Research on "EDI and the paperless audit environment"
Electronic Data Interchange (EDI) is the electronic exchange of data between computer applications in a structured format, using a communication link. EDI helps improve storage and retrieval and allows many users to access the information simultaneously. EDI has facilitated electronic commerce and may affect many SAIs sooner than anticipated due to the rapid developments in electronic connectivity especially by creating new challenges in auditing in a "paperless" environment. The EDP Audit Committee has, therefore, developed a research paper on "Electronic Data Interchange (EDI) and the Paperless Audit", which will be circulated to SAIs to apprise them of the implications of this new technology and to elicit their reactions and information about their experiences. The Committee is also researching the legal and evidentiary aspects of EDI in various countries. Depending on the outcome of its research and based on the experiences of SAIs in dealing with audit in an EDI environment, the Committee may eventually attempt to formulate a guide on Audit of EDI ( For more information on this topic, readers may refer to the 3rd issue of into lT, which carries two articles on auditing of EDI ).
Client-Server
In recent years, a new model of computing called client-server computing has become increasingly popular. Its greatest implication is that it is expected to change the way businesses organise themselves, impacting the traditional concerns of auditors regarding controls, accountability and auditability. The EDP Audit Committee, therefore, proposes to publish an article in the IT Journal this year about the audit implications of this model of computing. This will probably be followed up with research on this topic. Currently, this is seen as an exploratory project, whose further course will be decided over the next couple of years as the Committee progresses with its research.

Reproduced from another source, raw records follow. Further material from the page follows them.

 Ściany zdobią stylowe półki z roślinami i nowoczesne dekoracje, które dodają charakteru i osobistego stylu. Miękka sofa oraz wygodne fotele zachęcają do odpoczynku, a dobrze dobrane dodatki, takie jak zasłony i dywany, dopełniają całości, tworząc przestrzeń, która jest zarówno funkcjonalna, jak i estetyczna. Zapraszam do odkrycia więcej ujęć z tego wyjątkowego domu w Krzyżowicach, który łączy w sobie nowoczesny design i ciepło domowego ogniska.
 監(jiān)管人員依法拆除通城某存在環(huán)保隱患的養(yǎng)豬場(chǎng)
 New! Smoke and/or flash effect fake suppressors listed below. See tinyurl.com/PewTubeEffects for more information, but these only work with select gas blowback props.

Effectiveness of use of new technologies
As auditees adapt new technologies to their requirements, auditors would need methods to assess their effects and analyse their effectiveness. Some technologies like EDI and automated (administrative) decision-making are already being used by auditees in some countries and, therefore, the Committee proposes to undertake further research in this area.

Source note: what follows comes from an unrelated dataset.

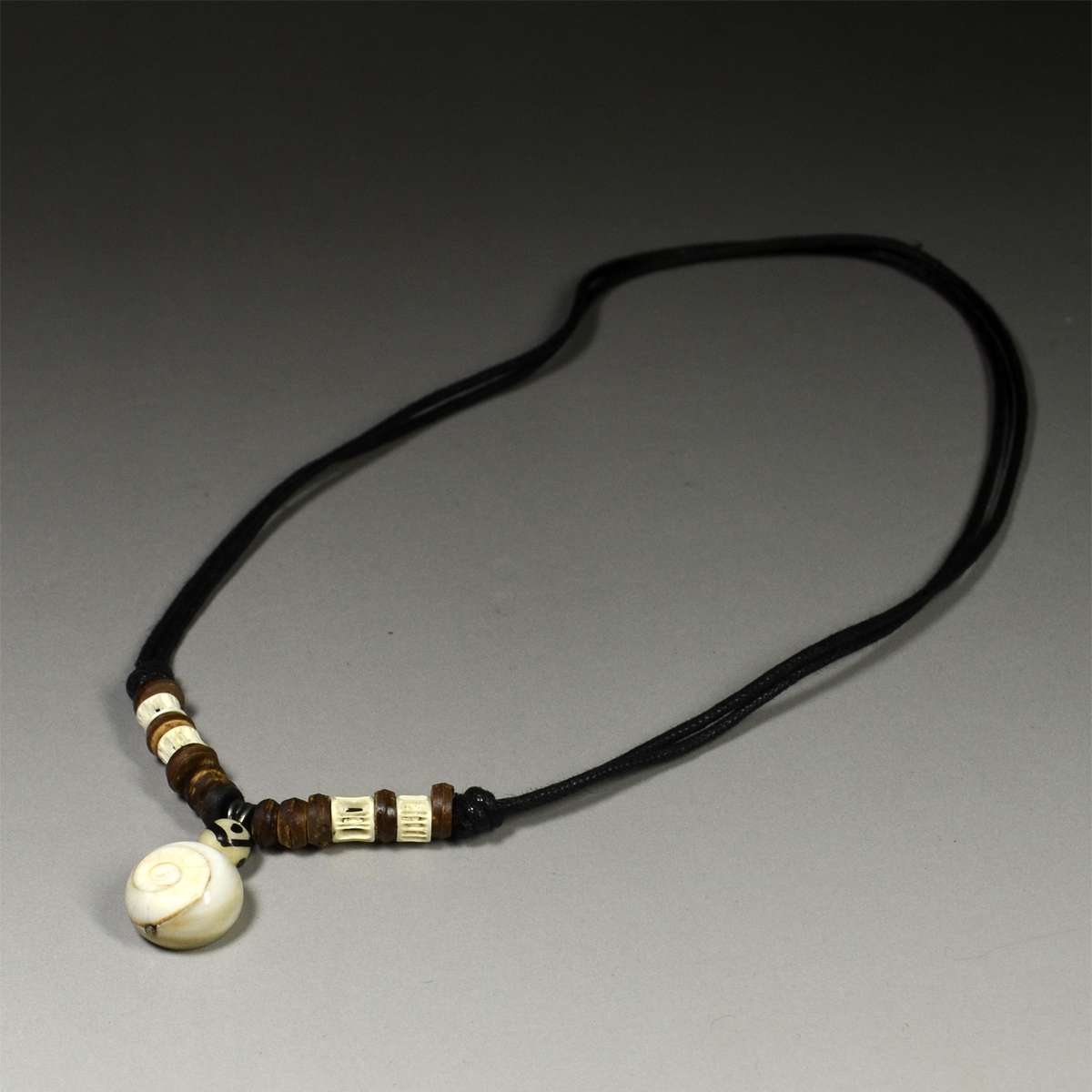 ペンダントトップは、貝の蓋をメインとして、その上に模様が描かれた球形のビーズ、さらに複数の円柱状のボーンビーズ、円盤状のココナツビーズ等で構成されています。
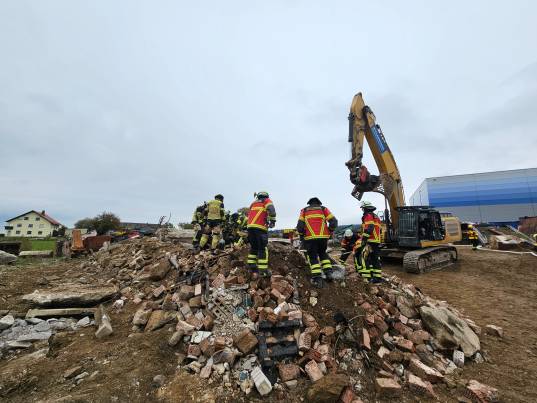 Unsere Kameraden kamen schließlich am Samstagvormittag, nachdem unser MTW als Führungsfahrzeug zu einem Erkundungseinsatz abgezogen wurde, mit beiden Fahrzeugen in Neuhof zum Einsatz. An der „Einsatzstelle“ mussten verschüttete Personen, teilweise unter Zuhilfenahme von schweren Gerät der Firma Plannerer, aus den Trümmern eines eingestürzten Gebäudes gerettet werden.

The EDP Committee's activities to date exhibit how the INTOSAI community can enrich themselves through information exchange among its members. Lessons learnt the hard way can substantially alter the learning curve for others following suit. Adaptation of solutions to new variants of the problems in other SAIs can throw fresh light on the core issues. The most discernible trend in the IT industry is towards "networking"; who hasn't heard of the INTERNET -the network of networks ? SAIs too can benefit more from networking, not only through the INTERNET (The INTOSAI General Secretariat is presently undertaking a project on electronically linking SAIs through the INTERNET. ), but also intellectually and professionally.